- Decades:: 1980s; 1990s; 2000s; 2010s; 2020s;
- See also:: Other events of 2006 History of the Central African Republic

= 2006 in the Central African Republic =

The following is a list of events of the year 2006 in the Central African Republic.

==Incumbents==
- President: François Bozizé
- Prime Minister: Élie Doté

==Events==
===June===
- June 27 - Chadian rebels attack the neighboring Central African Republic. They have reportedly formed an alliance with CAR rebels.
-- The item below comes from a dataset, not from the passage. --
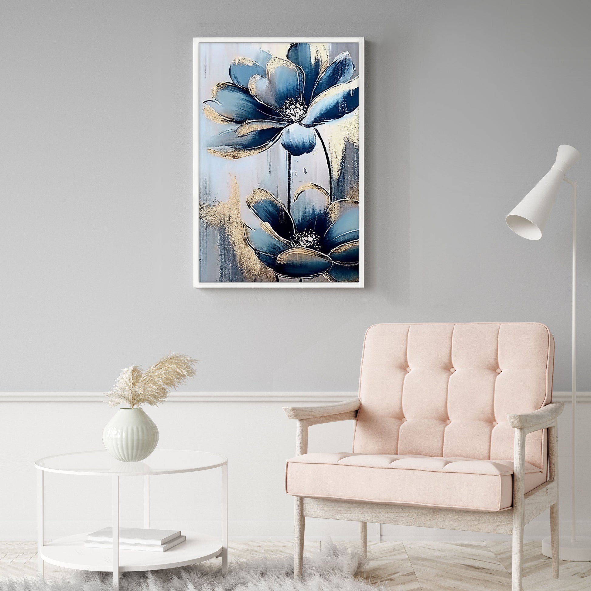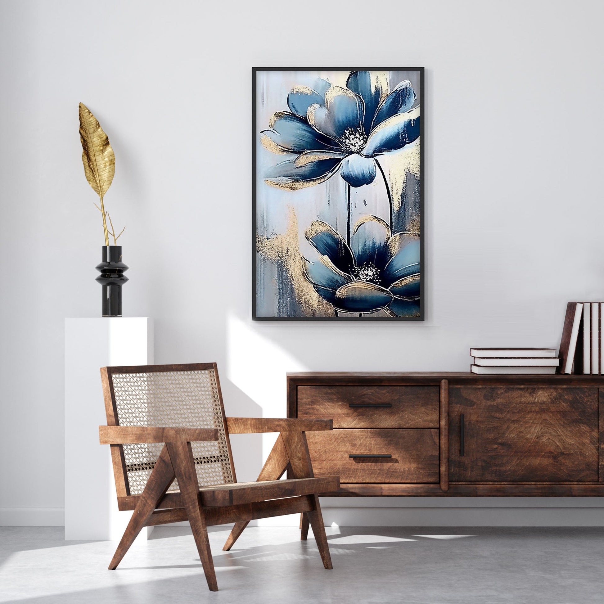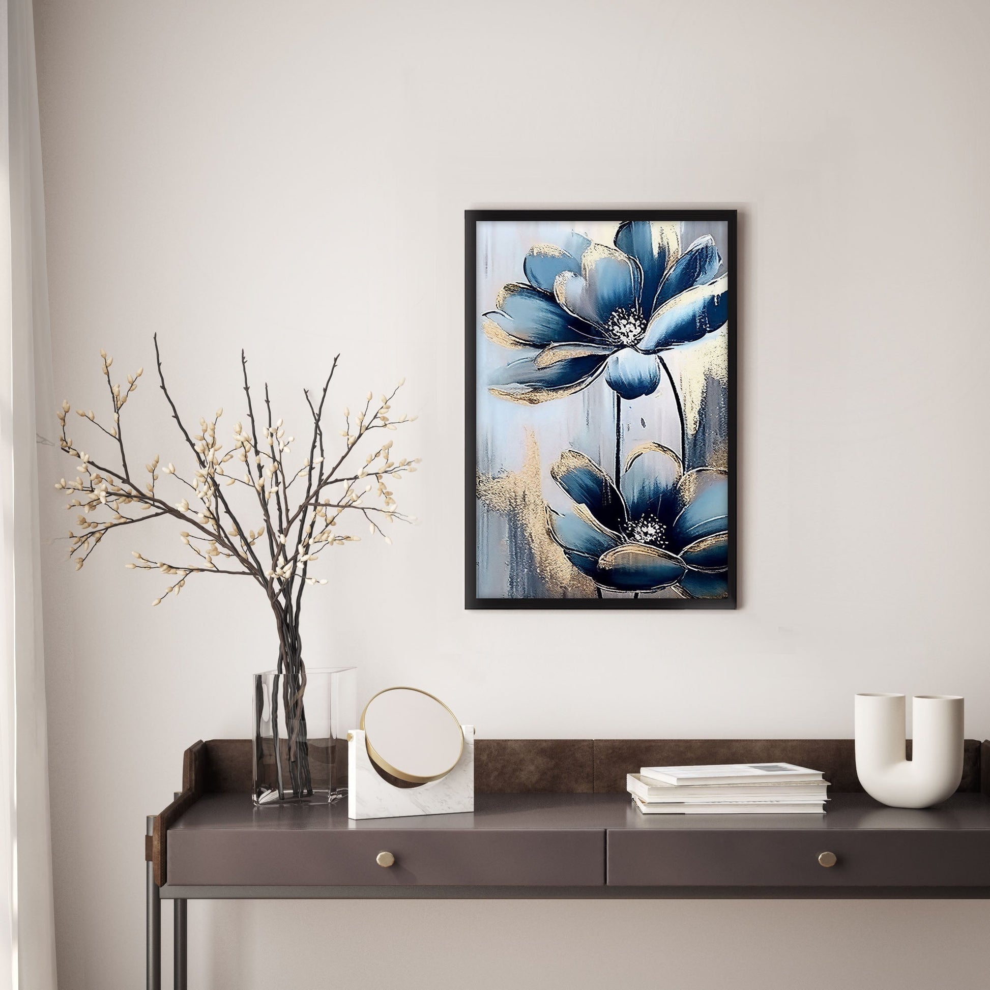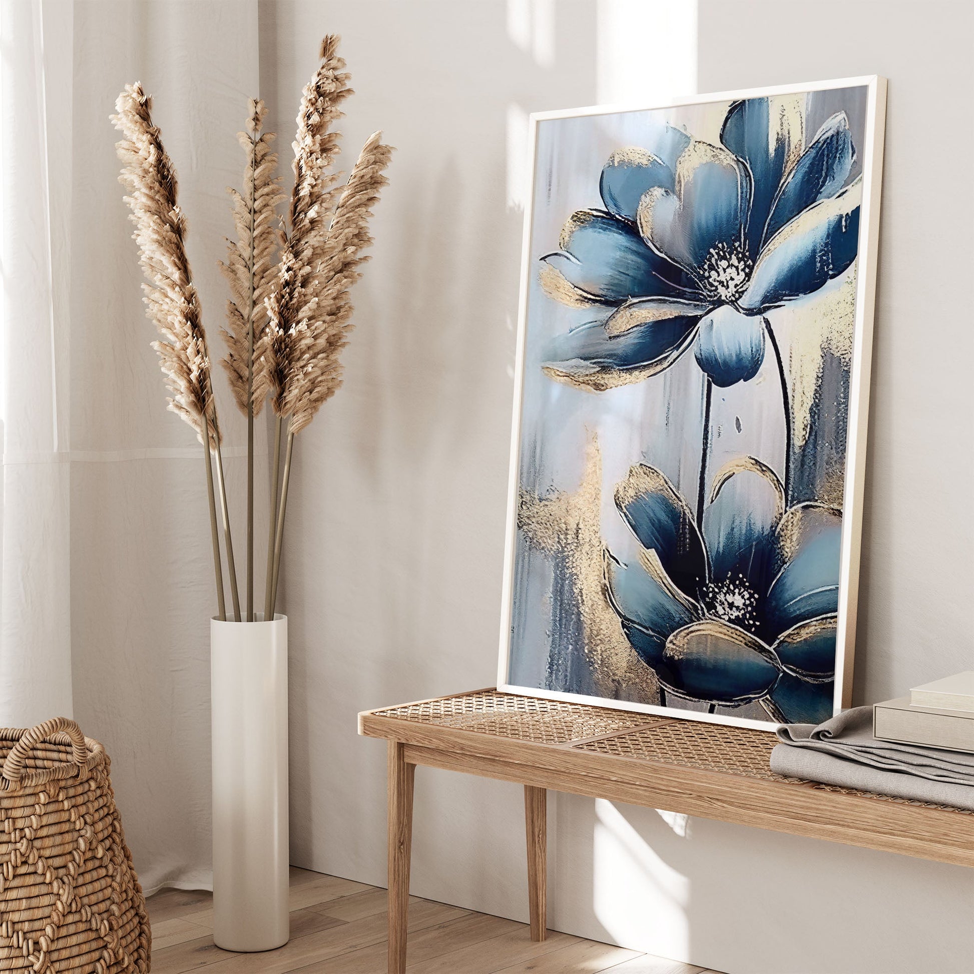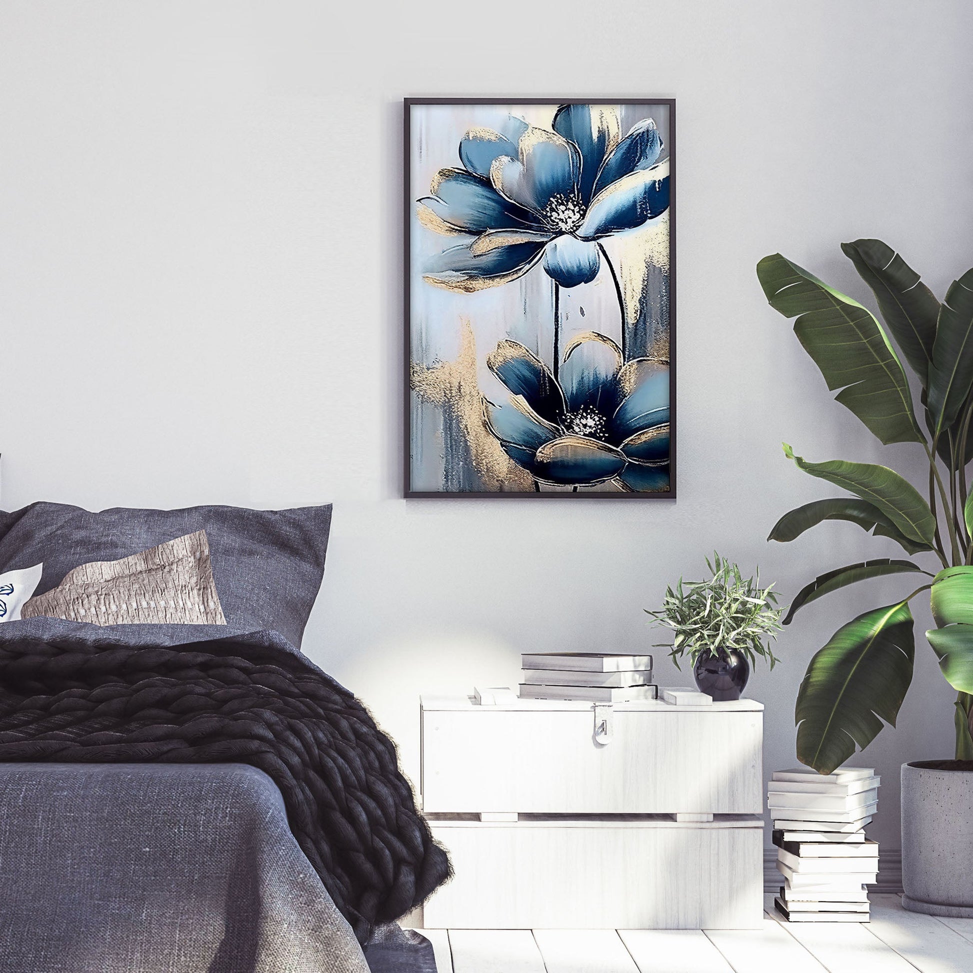 Add a touch of elegance to your home with this stunning Ethan Taylor™ ‘Blue and Gold Flowers' framed art print! This blue and gold floral piece featuring florals is printed on premium, museum quality premium art paper in your choice of black or white wooden frames or unframed prints. The prints arrive secured within the frame, and ready to hang so that you can enjoy your new artwork in no time. With a variety of sizes available, you can find the perfect fit for any space.

Large areas of both countries have descended into violence.

===July===
- July 3 - United Nations Secretary General Kofi Annan issues a report warning that ongoing fighting in Chad, Sudan, the Central African Republic, and Cameroon are increasingly destabilized and that borders are loosely enforced.

===November===
- November 10 - Rebels claim to have captured a second town in the Central African Republic during a two-week-long offensive.
- November 17 - Chad has offered to send troops to the Central African Republic to help fight rebels it claims are backed by Sudan.
- November 28 - French forces have clashed with rebels in the Central African Republic during a government offensive to regain control of the northern town of Birao.
- November 30 - French fighter planes have fired at rebels in northern Central African Republic where thousands have fled fighting in recent weeks.